Tuesday 17 January 2012

Ron Paul's end game

Rep. Ron Paul says he’s in it to win it and the campaign boasts that it has a comprehensive strategy in place to ensure that happens.
But behind the scenes Campaign Manager Jesse Benton admits to ABC News that the team is plotting a back up strategy in case the congressman doesn’t pull in enough delegates to become the nominee.
If the campaign comes up short at the convention, Benton says the plan is to use all the delegates awarded to Paul as a bargaining chip to force the Republican Party to stick to its limited government platform.
Benton says this could include auditing the Federal Reserve and winding back several parts of the Patriot Act, including roving wire taps which he says were originally written with the intent of expiring.
“I think it would be wise for the Republican Party to allow them to sun set next time they come up for authorization,” said Benton, adding a good portion of the American people are with that.


According to his campaign chairman, Jesse Benton, Paul has a coordinator in Puerto Rico. The campaign has a “Hispanic for Ron Paul” team that prominently features a Puerto Rican business-leader. A non-affiliated group, Puerto Rico for Ron Paul, has also been disseminating caucus-related information.


That the Texas Republican is investing any resources at all in Puerto Rico may strike some as wasteful. Few political observers take Paul seriously as a potential nominee, even after he scored a second-place finish in the New Hampshire primary. Primaries, after all, are won through momentum: a few early victories beget others, which, in turn, beget more donors, endorsements, excitement, and ultimately more victories.


The Paul campaign does not subscribe to that theory.


“Ours is a delegate strategy,” said Benton. “We want to win the 1,100 delegates. If [former Massachusetts Gov.]Mitt Romney has secured 1,150 delegates, then it is game over. But we are going to contest that until the very end, and again we have a goal. We wouldn’t be doing this if we didn’t think we can win 1,150 delegates.”

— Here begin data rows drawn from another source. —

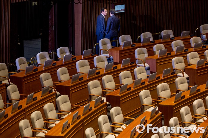 (서울=포커스뉴스) 정진석 새누리당 원내대표와 김무성 새누리당 전 대표가 22일 오전 서울 여의도 국회에서 열린 본회의에 참석해 대화 하고 있다.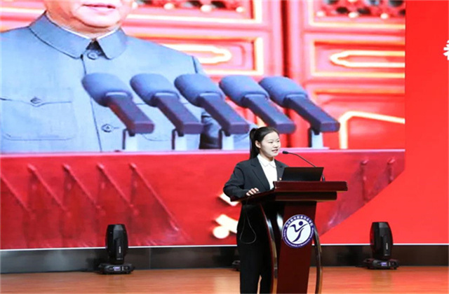 大会在中华人民共和国国歌中拉开序幕。传颂千年的爱国之情,热烈奔放的信仰之红,是带领青马班学员突破自我,共创辉煌的指明灯。同学们来自不同的系部,却因有着共同的信仰,相聚于“青马”。一年的学习时间,首期青马班的学员们了解了党的光辉历程,党的初心使命,收获了取之不尽用之不竭的宝贵经验,更懂得了谋世要实,做事要实,做人要实的深刻道理,同时,始终用思想武装自己,用行动带领他人,作新时代青年的先锋模范榜样。第一期青马班的七组学员代表依次上台作学习成果汇报,讲述了自己与“青马”关于勇气、奋斗、使命与担当的故事,感情真挚,振奋人心。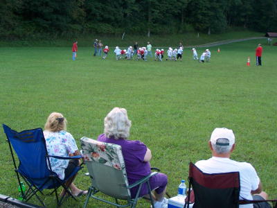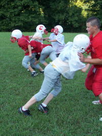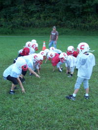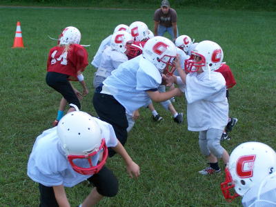 Calhoun's two youth football teams have shifted to the Arnoldsburg Community Center field for practice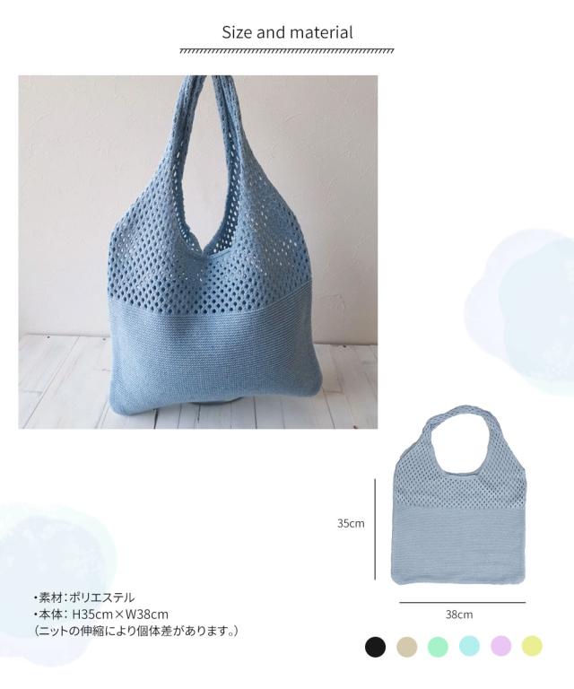 トートバッグ レディース 軽量 コードニット エコバック 大きめ カジュアル 女性 レディースバッグ サマーニット マルシェバッグ かばん シンプル おしゃれ 韓国 くすみ ニュアンス カラー 夏 ニットショルダー GBMV-V285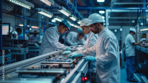 Workers on an assembly line in a hightech factory producing electronics and appliances. Concept Assembly Line Efficiency, High - Tech Manufacturing, Factory Workers, Electronics Production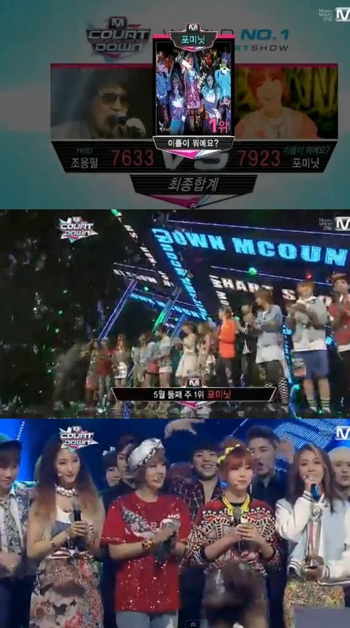 포미닛은 9일 방송된 케이블채널 Mnet '엠카운트다운'에서 가왕 조용필을 제치고 정상에 올랐다.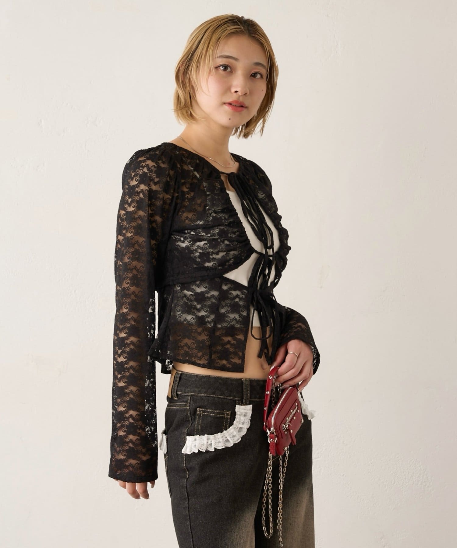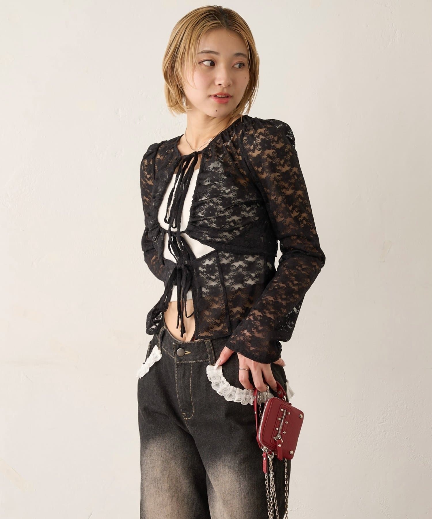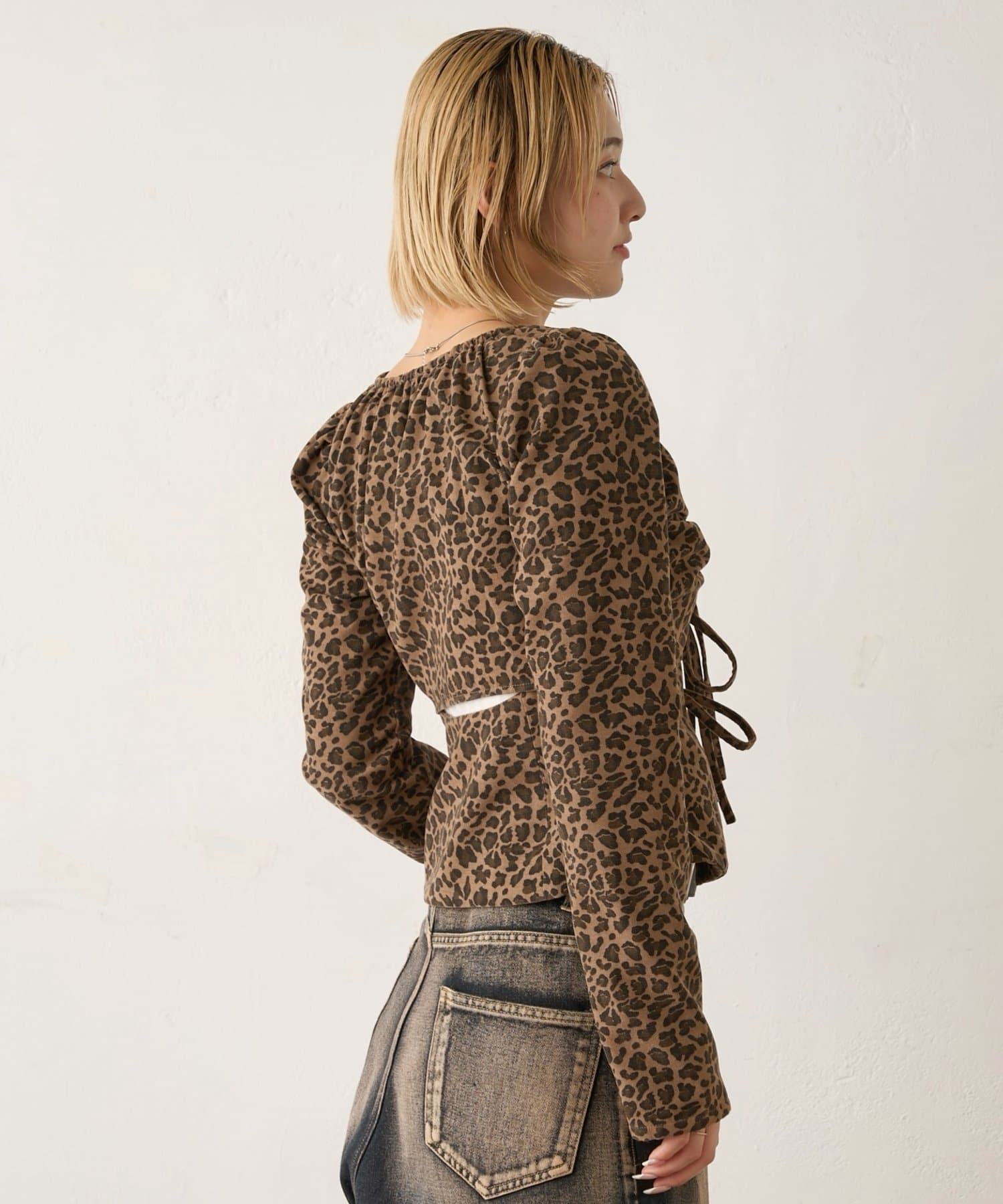 トレンドのレースとレオパード(ヒョウ柄)が仲間入りしたデザインブラウス。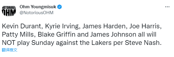 篮网主帅纳什透露,凯文-杜兰特、凯里-欧文、詹姆斯-哈登、乔-哈里斯、帕蒂-米尔斯、布雷克-格里芬以及詹姆斯-约翰逊都不会出战首场对阵湖人的季前赛;篮网三巨头领衔,多达7人缺席首战湖人,很明显篮网的季前赛计划也是以练兵为主,为常规赛养精蓄锐。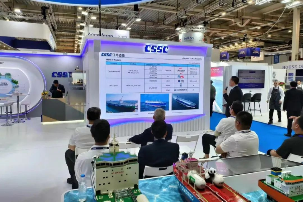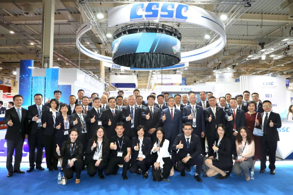 此次展會,中國船舶集團(tuán)攜旗下19家成員單位參展,有關(guān)成員單位負(fù)責(zé)人率隊赴展會開展重點船海項目經(jīng)營洽談并拜訪當(dāng)?shù)睾椭苓厙铱蛻?。集團(tuán)公司以“共贏未來”為參展主題,設(shè)置集團(tuán)總體區(qū)、綠色航運解決方案區(qū)、低碳環(huán)保配套設(shè)備區(qū)共3個展示區(qū)域,重點展示了135500總噸大型郵輪、175000方LNG運輸船、24000箱超大型集裝箱船、210000噸氨燃料散貨船、LNG雙燃料VLCC等一系列高技術(shù)、高附加值明星產(chǎn)品,以及CPGC-WinGD 10X92DF-M甲醇雙燃料發(fā)動機(jī)、船用碳捕捉系統(tǒng)等全球船東高度關(guān)注的綠色低碳配套設(shè)備。同時,通過展臺上醒目的品牌標(biāo)識、層級化的品牌體系圖、富有感染力的品牌推介視頻,首次面向全球客戶,立體化展示“中國船舶”品牌及下屬企業(yè)品牌和產(chǎn)品品牌體系,進(jìn)一步強(qiáng)化了集團(tuán)公司品牌形象。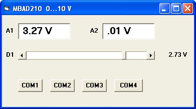 Der Anschluss an den PC verwendet die serielle Schnittstelle, die auch die Stromversorgung für das Gerät übernimmt. Der Anschluss an einen Laptop oder über einen USB/Seriell-Wandler ist ohne Nachteile möglich. Im Vergleich zu den älteren SERAI-Interfaces, bei denen über die Handshakeleitungen der seriellen Schnittstelle AD-Wandler direkt angesteuert wurden, arbeitet im AD210 ein Mikrocontroller ATtiny13 mit internem 10-Bit AD-Wandler. Die Datenübertragung zwischen PC und Interface erfolgt konventionell mit 38400 Baud. Deshalb wird die Arbeitsgeschwindigkeit auch beim Einsatz eines USB/Seriell-Wandlers nicht beeinträchtigt. Der Analogwandler AD210 enthält einen internen 3,3-V-Spannungsregler. Daher arbeitet das Gerät auch mit der reduzierten Spannung von ca. 6 V z.B. an einer seriellen Schnittstelle eines Laptop zuverlässig.Download: VB_AD210.zip (40 kB)

Who is Paul looking to for inspiration? It might surprise you: President Obama’s primary run. Here’s Stein:


It’s the Money Ball of campaign strategies and it’s rooted in, of all places, Obama’s 2008 campaign.


“You try to look at what models have worked in the past and Obama’s model worked,” said Benton. “Now we have different ideas about where we would like to take the country, but he ran a brilliant campaign. He unleashed his grassroots to work hard, get involved in their communities, and really fight for some principles and that’s what we are trying to do too.”


“Let’s say they clean up in the caucus states,” the source said. “Let’s say they control 20 votes out of 100 in those committees, then they can force votes on those issues. They can make a motion on the floor to amend the agenda, to amend the platform … They could force certain issues to be voted on. They could force the convention to consider certain questions and force the human beings on the committees to address certain things. How about a more robust version of the ‘audit the Fed’ platform? All of a sudden you will get recorded votes on those issues.